___ DATA EXTRACT

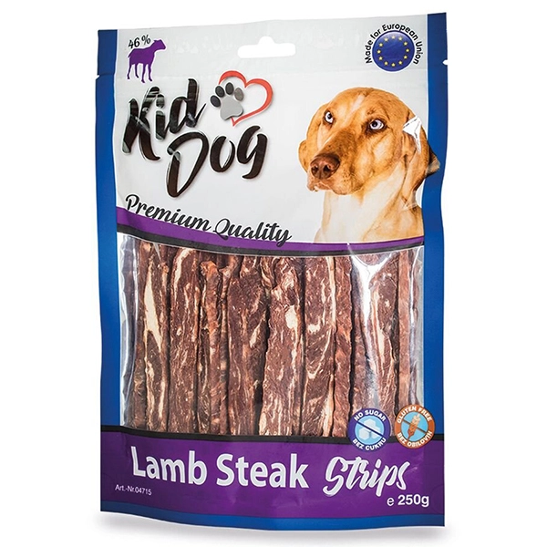So sušenými prúžkami jahňacích steakov KidDog nezostane suchá ani jedna psia papuľka. Aj tí najväčší jedáci budú slintať. Sušené mäso nádherne vonia a chutí. Vhodné pre malých aj veľkých psov každého veku.
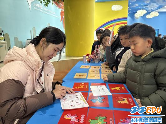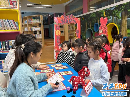 为深入贯彻落实“双减”政策及“五项管理”要求,积极探索以素养为导向的学业评价新路径,2026年1月22日至23日,郑州师范学院附属小学在校园美好阅读中心精心开展了以“新春游园嘉年华 欢乐寻宝大冒险”为主题的低年级期末学业素养评价活动。此次活动巧妙地将学科知识与欢庆新春佳节情境深度融合,让学生在沉浸式、游戏化的闯关体验中尽情展示学习成果,真正实现了“在玩中学、在评中长”。
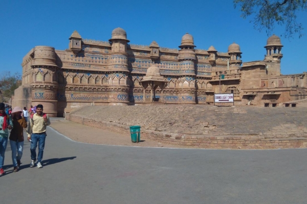 .इस  किले  पर विभिन्न शासकों का नियन्त्रण रहा .लाल बलुए पत्थर से बना यह किला शहर की हर दिशा से दिखाई देता है. एक ऊंचे पठार पर बने इस किले तक पहुंचने के लिये दो रास्ते हैं, इस किले के भीतरी हिस्सों में मध्यकालीन स्थापत्य के अद्भुत नमूने स्थित हैं, 15  वि शताब्दी में निर्मित गूजरी महल उनमें से एक है जो राजा मानसिंह और गूजरी रानी मृगनयनी के गहन प्रेम का प्रतीक है.
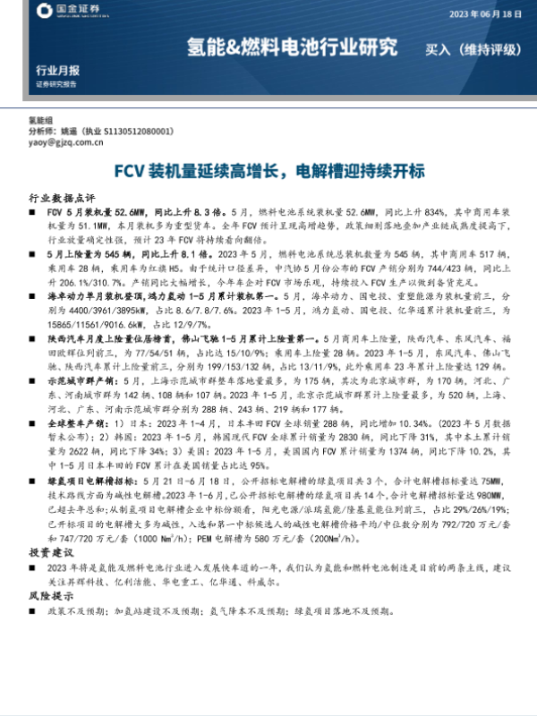 【国金证券】【20230618】20230618-国金证券-氢能&燃料电池行业月报:FCV装机量延续高增长,电解槽迎持续开标-13页 行业研究

______

* _WHAT YOU NEED TO DO_: Repeat all the material above exactly, apart from the pictures.

* _FINISHED EXERCISE_:
So sušenými prúžkami jahňacích steakov KidDog nezostane suchá ani jedna psia papuľka. Aj tí najväčší jedáci budú slintať. Sušené mäso nádherne vonia a chutí. Vhodné pre malých aj veľkých psov každého veku.
 为深入贯彻落实“双减”政策及“五项管理”要求,积极探索以素养为导向的学业评价新路径,2026年1月22日至23日,郑州师范学院附属小学在校园美好阅读中心精心开展了以“新春游园嘉年华 欢乐寻宝大冒险”为主题的低年级期末学业素养评价活动。此次活动巧妙地将学科知识与欢庆新春佳节情境深度融合,让学生在沉浸式、游戏化的闯关体验中尽情展示学习成果,真正实现了“在玩中学、在评中长”。
 .इस  किले  पर विभिन्न शासकों का नियन्त्रण रहा .लाल बलुए पत्थर से बना यह किला शहर की हर दिशा से दिखाई देता है. एक ऊंचे पठार पर बने इस किले तक पहुंचने के लिये दो रास्ते हैं, इस किले के भीतरी हिस्सों में मध्यकालीन स्थापत्य के अद्भुत नमूने स्थित हैं, 15  वि शताब्दी में निर्मित गूजरी महल उनमें से एक है जो राजा मानसिंह और गूजरी रानी मृगनयनी के गहन प्रेम का प्रतीक है.
 【国金证券】【20230618】20230618-国金证券-氢能&燃料电池行业月报:FCV装机量延续高增长,电解槽迎持续开标-13页 行业研究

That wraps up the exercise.